Logo - Les Affaires
Logo - Les Affaires

Bourse: ce qui bouge sur les marchés avant l’ouverture mardi

LesAffaires.com et AFP|Mis à jour le 16 avril 2024

Bourse: ce qui bouge sur les marchés avant l’ouverture mardi

(Photo: Getty Images)

Les places boursières mondiales modéraient leurs ardeurs mardi matin au lendemain d’un regain d’optimisme ayant porté certains indices à de nouveaux sommets, partagées entre la perspective stimulante d’une forte relance américaine et les craintes inflationnistes associées. 

À Wall Street, vers 7h15, les contrats à terme sur le S&P 500 gagnaient 43 points, ou 1,13%, à 3 862 points. Ceux du Dow Jones augmentaient de 178 points, ou de 0,56%, à 31 954 points et ceux du Nasdaq rebondissaient de 305 points, ou de 2,49%, à 12 603 points.

En Europe, les marchés progressaient à mi-séance. À Londres, le FTSE 100 gagnait 49 points, ou 0,74%, à 6 768 points. À Paris, le CAC 40 augmentait de 22 points, ou de 0,37%, à 5 924 points. À Francfort, le DAX prenait 54 points, ou 0,37%, à 14 436 points.

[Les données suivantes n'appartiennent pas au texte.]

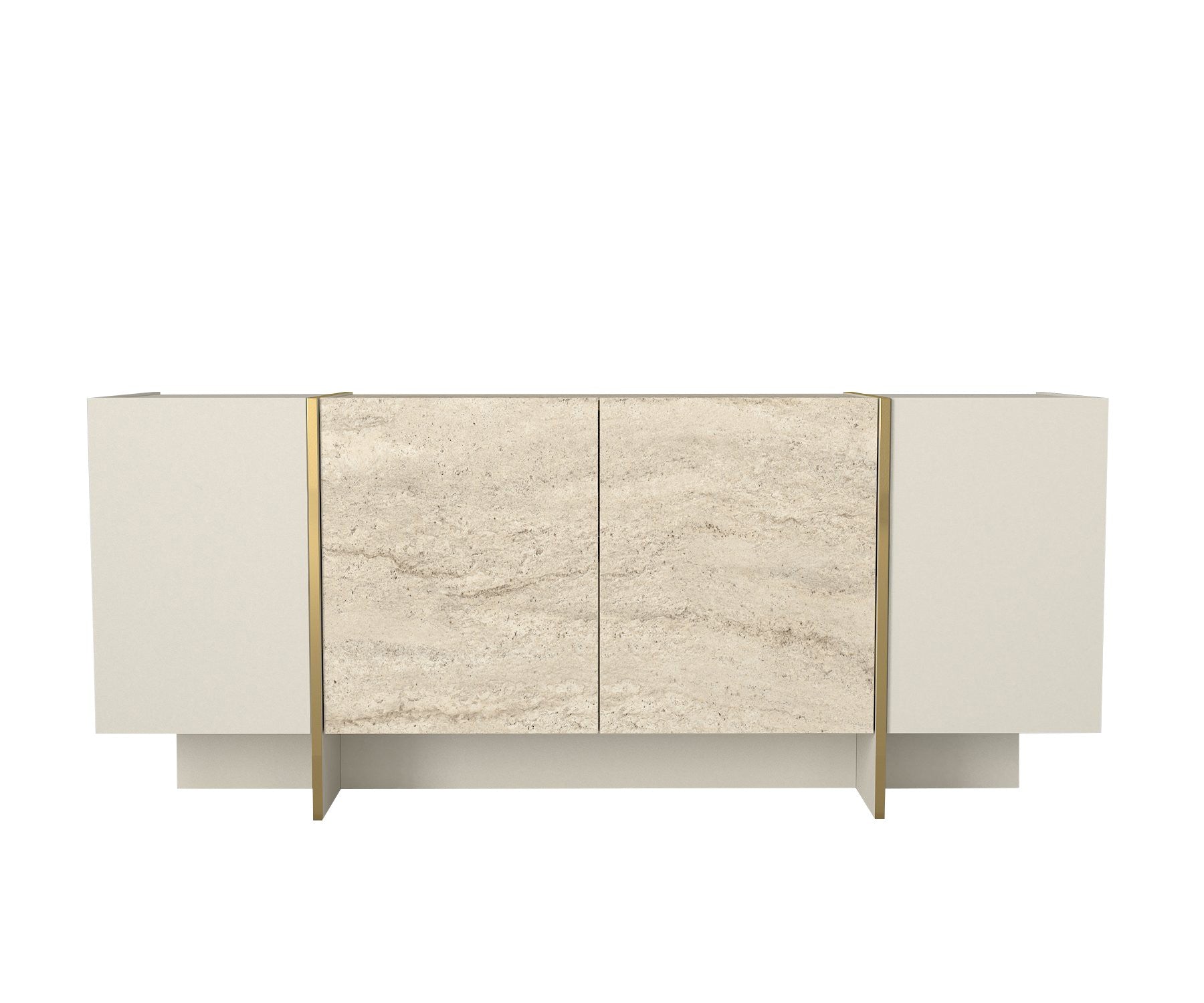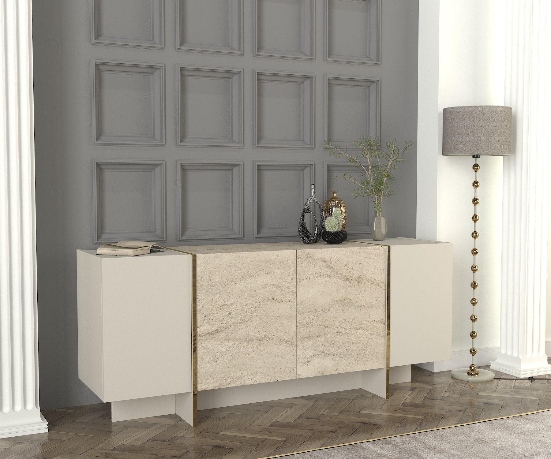 A konzol karcsú és modern kialakítású, a travertin és a homokkő színek kombinációjával, amelyek kifinomultak és stílusúak. A tábla 18 mm -es vastagsága biztosítja a tartósságot és a hosszú élettartamot, így időtlen kiegészítést jelent az otthoni dekorációhoz.

L’Asie, restée à l’écart de l’euphorie de la veille, a en partie rattrapé le train en marche: après trois séances dans le rouge à la Bourse de Tokyo, l’indice vedette Nikkei a repris 0,99% et l’indice élargi Topix 1,27%.

De son côté, la Bourse de Hong Kong a gagné 0,81% au lendemain d’importantes pertes. En Chine continentale, la Bourse de Shanghai a en revanche chuté de 1,82%.

 

Le contexte

La perspective d’une relance très forte aux États-Unis, où la Chambre des représentants doit donner mardi son approbation finale à un plan d’aide de 1 900 milliards de dollars, a profité ces derniers jours en Bourse aux secteurs plus traditionnels – voyagistes, industrie, automobile –, pour beaucoup malmenés par la crise.

Dans le même temps, les craintes d’une hausse de l’inflation à la faveur de cette reprise, matérialisées dans la forte progression des rendements obligataires ces dernières semaines, fait pâlir l’attrait des valeurs technologiques, dont la valorisation est très dépendante d’un environnement de taux bas.

C’est particulièrement le cas aux États-Unis, où l’indice Nasdaq est entré lundi dans une zone de correction boursière.

Vendredi, le taux américain à dix ans, très surveillé, est monté jusqu’à 1,62%, au plus haut depuis février 2020. Ce mardi, il évoluait en baisse, autour de 1,54%.

«La thématique du retour de l’inflation va rester centrale cette semaine encore. Après une pause, les anticipations d’inflation remontent aux États-Unis, avec des taux réels qui sont poussés à la hausse par des perspectives de croissance très forte», juge Christopher Dembik, directeur associé chez Berenberg.

 

Du côté du pétrole

Vers 7h15, le prix du baril américain de WTI augmentait de 1,08%, à 65,75 $US, et celui du baril de Brent de la mer du Nord gagnait 1,29%, à 69,12 $US.